In this publication, the hydration behavior of packed beds containing K2CO3 grains is investigated at different flow rates. To that end, NMR imaging is performed to quantitatively measure the in-situ hydration process in these packed beds. The hydration kinetics observed in packed bed hydration experiments are hereby also compared with single grain hydration kinetics, observed in TGA experiments.

Calibration measurements show that the signal intensity, observed in an NMR measurement, scales linearly with packed bed loading. Consequently, the signal intensity observed in a hydration experiment can be converted into a packed bed loading by knowing the signal of a fully hydrated packed bed, as well as the noise baseline of the NMR machine. The loading of partially hydrated material can then be calculated with its linear relation to signal intensity.

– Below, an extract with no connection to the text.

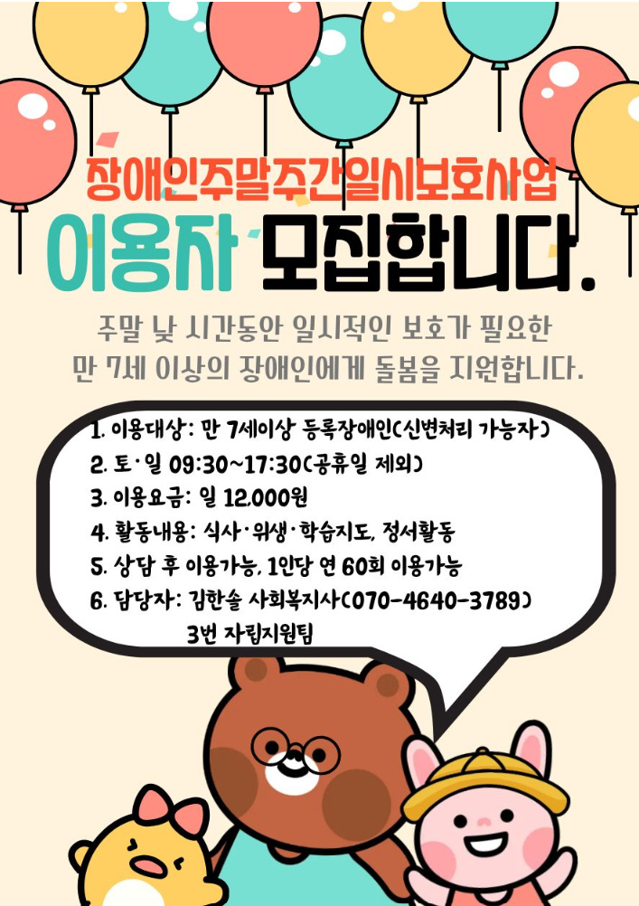 주말주간일시보호사업 이용자 모집

Hydration experiments show that hydration of a K2CO3 packed bed can occur via a hydration front, or in a uniform manner, depending on the specific flow rate that is chosen. Low airflow results in sharp hydration fronts that travel through the packed bed in the direction of the applied airflow. The water vapor pressure, measured at the outflow of the packed bed, is hereby found to be close to the edge of the MSZ, as long as the hydration front has not yet reached the end of the packed bed. Since this means that the inflow and outflow vapor pressure differ significantly during this period, a gradient in water vapor pressure can be expected to form itself inside the packed bed during the initial phase of the hydration experiment. Consequently, it is found that the packed bed hydration rate is higher at the reactor inflow, compared to the reactor outflow.

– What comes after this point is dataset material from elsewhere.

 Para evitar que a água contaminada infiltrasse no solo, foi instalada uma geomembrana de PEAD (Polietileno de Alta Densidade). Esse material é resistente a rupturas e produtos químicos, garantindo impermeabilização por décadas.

For hydration experiments at increased flowrates it is found that the hydration fronts become wider. After all, an increase in flow rate coincides with an increase in the supply of water vapor that is introduced to the packed bed, while the single-grain hydration kinetics can be anticipated to remain constant. An analytical model describing isothermal hydration of an infinitely long packed bed is compared to the experimental data. The model is found to predict the same front widening at increasing flow rates, observed in the different hydration experiments. At a sufficiently high flow rate the hydration process is even found to progress in a uniform manner, rather than via a hydration front. The overall hydration kinetics of the investigated packed bed are hereby found to coincide with the kinetics of single K2CO3 grains, indicating that the packed bed hydration kinetics are no longer limited by the supply of water vapor. Since the hydration rate in the different layers of the reactor should be equal in this measurement, it is found that a strong gradient in vapor pressure cannot occur inside the packed bed. As a result, the inflow vapor pressure rapidly rises to a value close to the inflow vapor pressure at the start of the hydration experiment.

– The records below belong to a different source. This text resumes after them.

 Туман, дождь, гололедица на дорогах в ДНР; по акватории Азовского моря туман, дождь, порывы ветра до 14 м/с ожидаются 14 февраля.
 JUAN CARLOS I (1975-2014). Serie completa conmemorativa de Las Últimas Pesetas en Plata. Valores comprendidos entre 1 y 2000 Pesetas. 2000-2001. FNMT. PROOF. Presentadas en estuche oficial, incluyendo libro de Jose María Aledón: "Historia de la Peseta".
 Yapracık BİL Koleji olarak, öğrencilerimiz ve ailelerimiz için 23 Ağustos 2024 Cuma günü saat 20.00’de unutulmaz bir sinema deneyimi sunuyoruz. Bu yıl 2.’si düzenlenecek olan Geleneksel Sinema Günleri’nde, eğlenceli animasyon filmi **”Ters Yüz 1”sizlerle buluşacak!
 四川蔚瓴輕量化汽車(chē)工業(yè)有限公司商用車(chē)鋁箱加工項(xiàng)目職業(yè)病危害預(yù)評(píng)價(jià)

In future research, the investigations into K2CO3 packed beds could be expanded by including the effect of water vapor pressure in the analysis of the hydration behavior. In this way, the hydration behavior and kinetics could be further investigated and a more elaborated overview of K2CO3 packed bed hydration processes can be created. Furthermore, the thermal output of these packed beds could be studied by employing a separate insulated reactor outside of the NMR setup and by performing thermal measurements inside of the packed bed itself. In this way, in-situ temperature measurements can be obtained and the insight into the thermal performance of K2CO3 packed beds can be improved.